So guys I was wondering what is the difference between a logical shift and an arithmetic. Of course I barely have any coding skill so I'm not that knowledgeable. So is a logical shift just moving the bytes right or left? I don't know... I have no idea what an arithmetic shift does... I don't even know what arithmetic is! Because that's like high school level stuff and I have literally no knowledge on that, Cause the education systems I were in were utter dog shit.
Bit shifting can be best described as multiplying or dividing a value by 2. That means, if you move the bits to the left, you multiply the value by two and if you shift the bits to the right, it's practically a division by two.
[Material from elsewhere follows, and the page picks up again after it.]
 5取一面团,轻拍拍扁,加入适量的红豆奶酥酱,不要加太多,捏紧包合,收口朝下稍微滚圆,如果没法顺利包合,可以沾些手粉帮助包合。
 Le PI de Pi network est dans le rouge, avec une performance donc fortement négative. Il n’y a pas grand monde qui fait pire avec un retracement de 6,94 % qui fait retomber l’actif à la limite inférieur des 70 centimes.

Except this isn't all true: The main difference between a logical and arithmetic shift is that the former treats the value unsigned and the latter signed.
This has got no difference for left shifts where arithmetic and logical left shifts are virtually if not actually identical but there is a notable difference in right shifts, namely that the logical right shift is simply the right shift equivalent to left shifts —the highest bit is always zero after the operation— whereas with arithmetic right shifts, the highest bit is never cleared, thus giving the appearance of a signed division by two (the only exception is -1 in which the value stays -1 instead of 0).
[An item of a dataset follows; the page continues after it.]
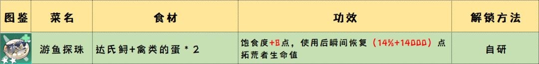 2. 鱼子薯球:包含鱼子酱与白薯,食用后可提升物理攻击,幅度为1%加上70点。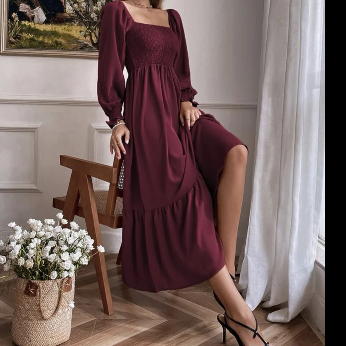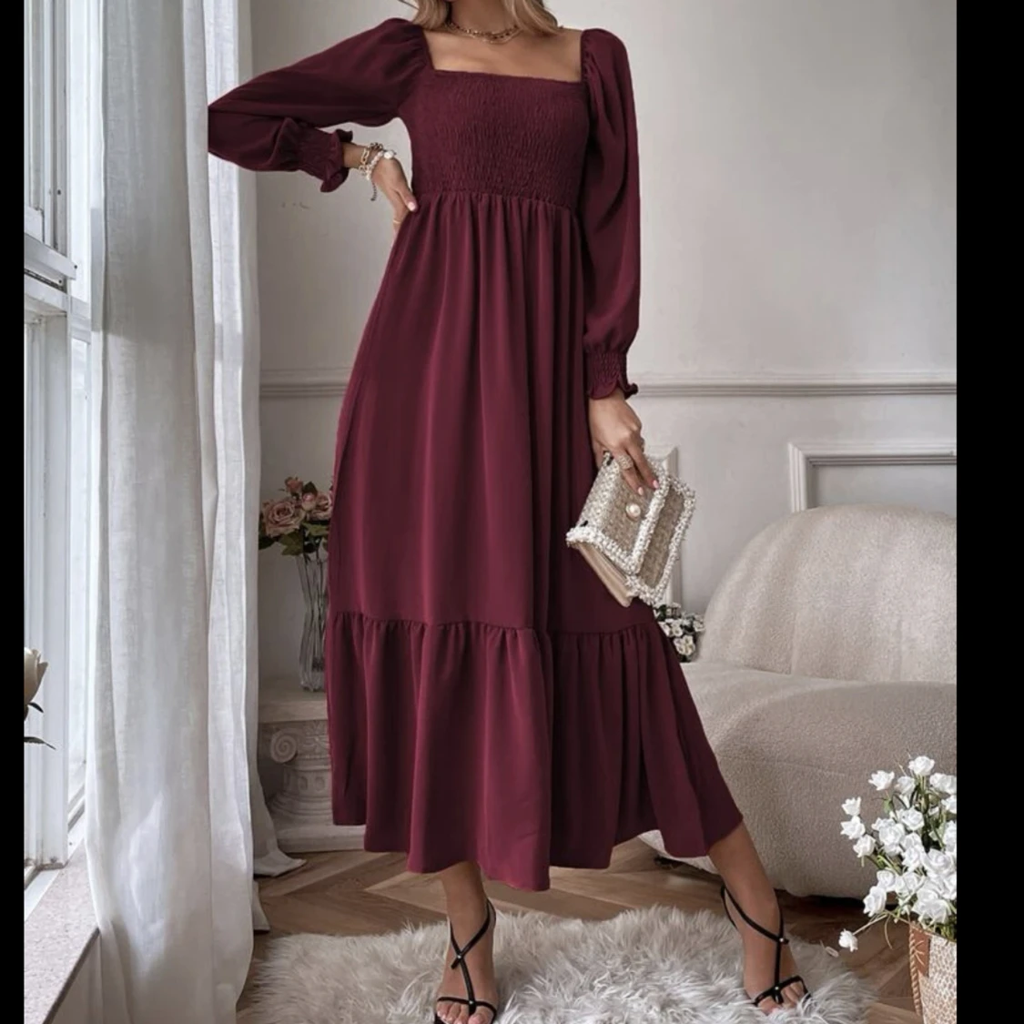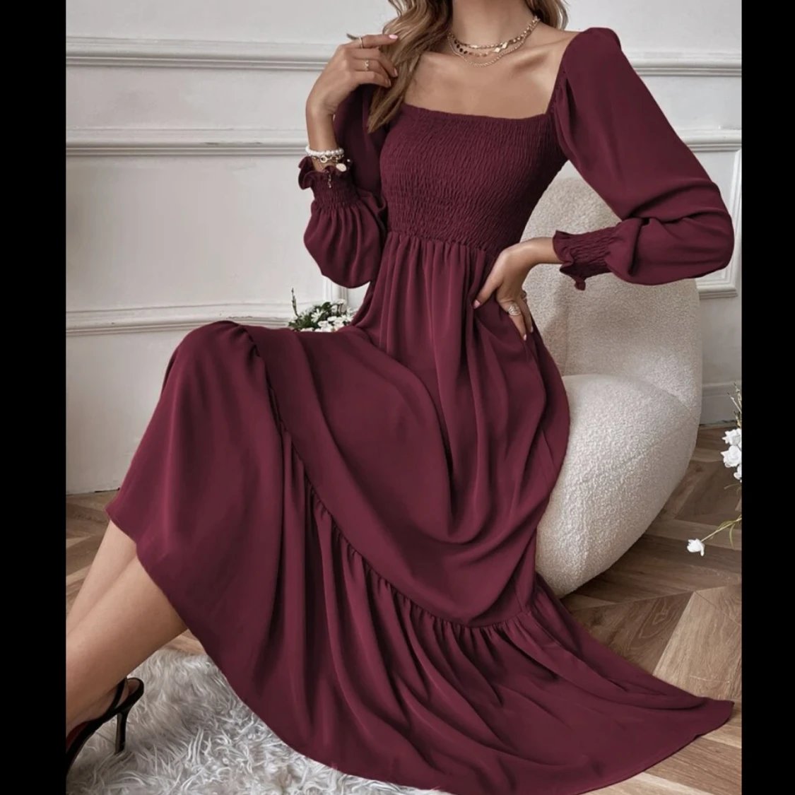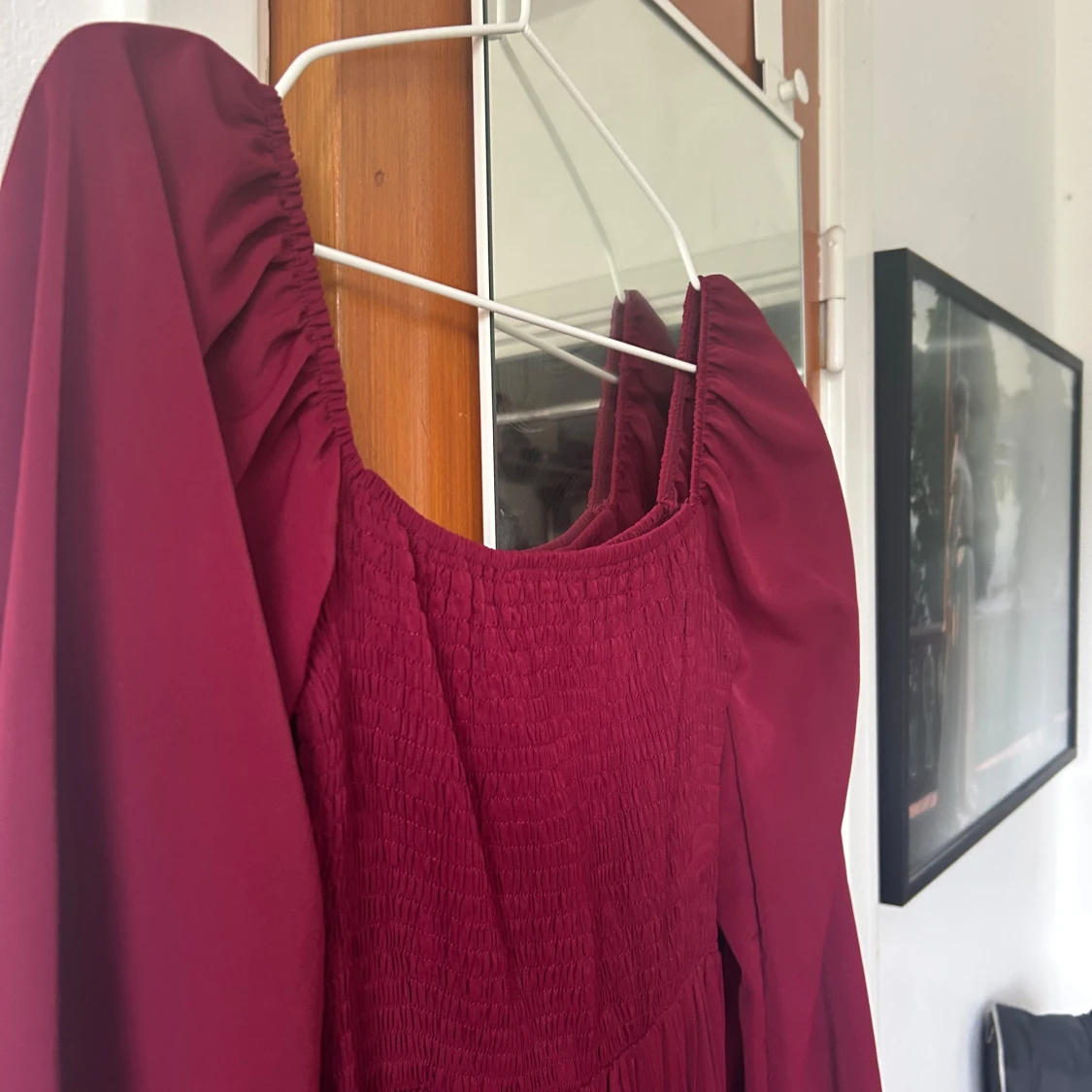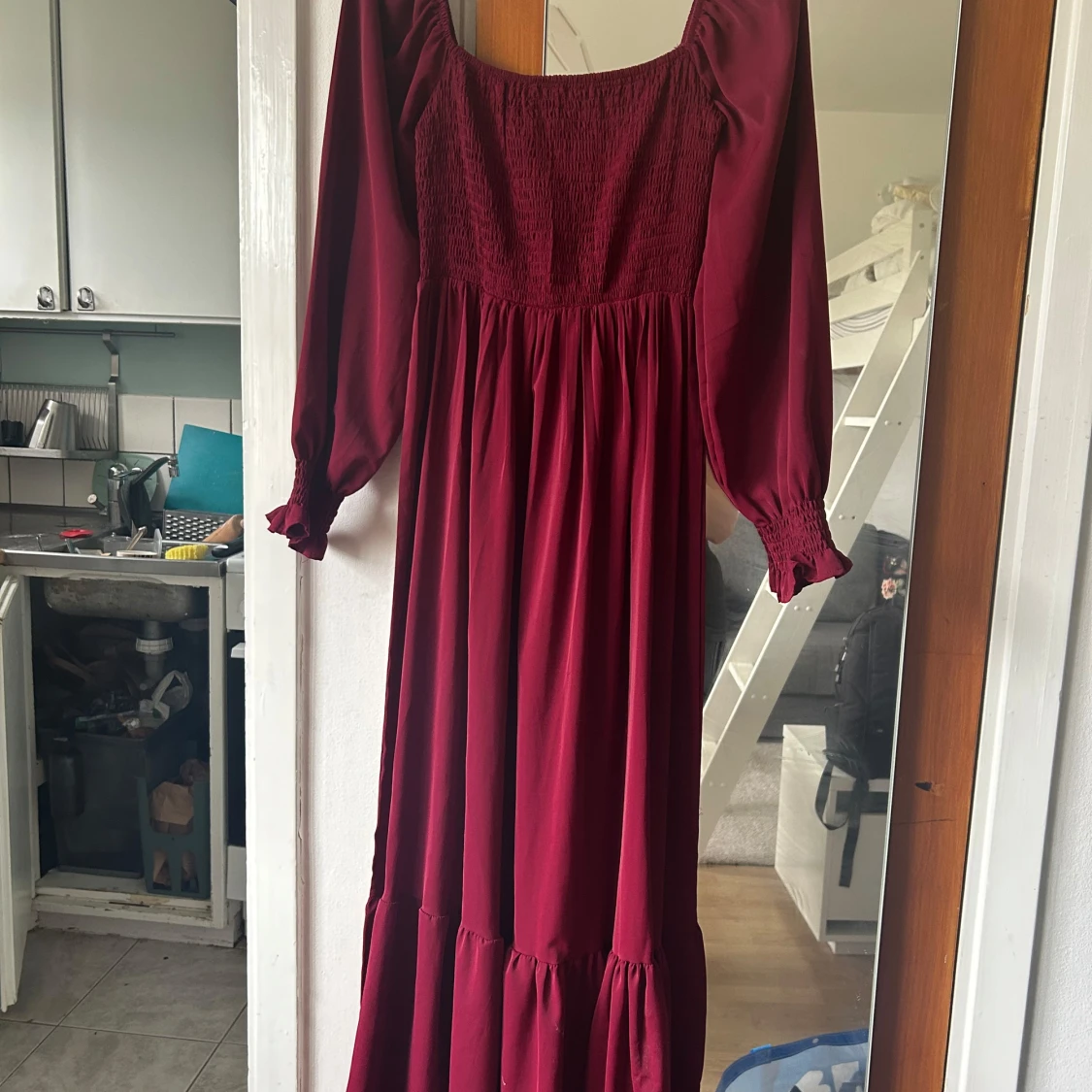 Vinröd klänning med mycket bra kvalite. Storleken är justerbar, det passar även för dem som är XS-S-M. Priset kan diskuteras.

To see what I mean, let's compare two byte values: 0x42 and 0xE5. 0x42 is 0b01000010 in binary whereas 0xE5 is 0b11100101. Since both left shifts are the same, I don't have to bring in a comparison so let's just focus on LSR (logical shift right) and ASR (arithmetic shift right):
LSR 0x42 = LSR 0b01000010 = 0b00100001 = 0x21
ASR 0x42 = ASR 0b01000010 = 0b00100001 = 0x21
LSR 0xE5 = LSR 0b11100101 = 0b01110010 = 0x72
ASR 0xE5 = ASR 0b11100101 = 0b11110010 = 0xF2
See how shifting 0x21 to the right is identical but 0xE5 is different? That's where arithmetic and logical shifts differ.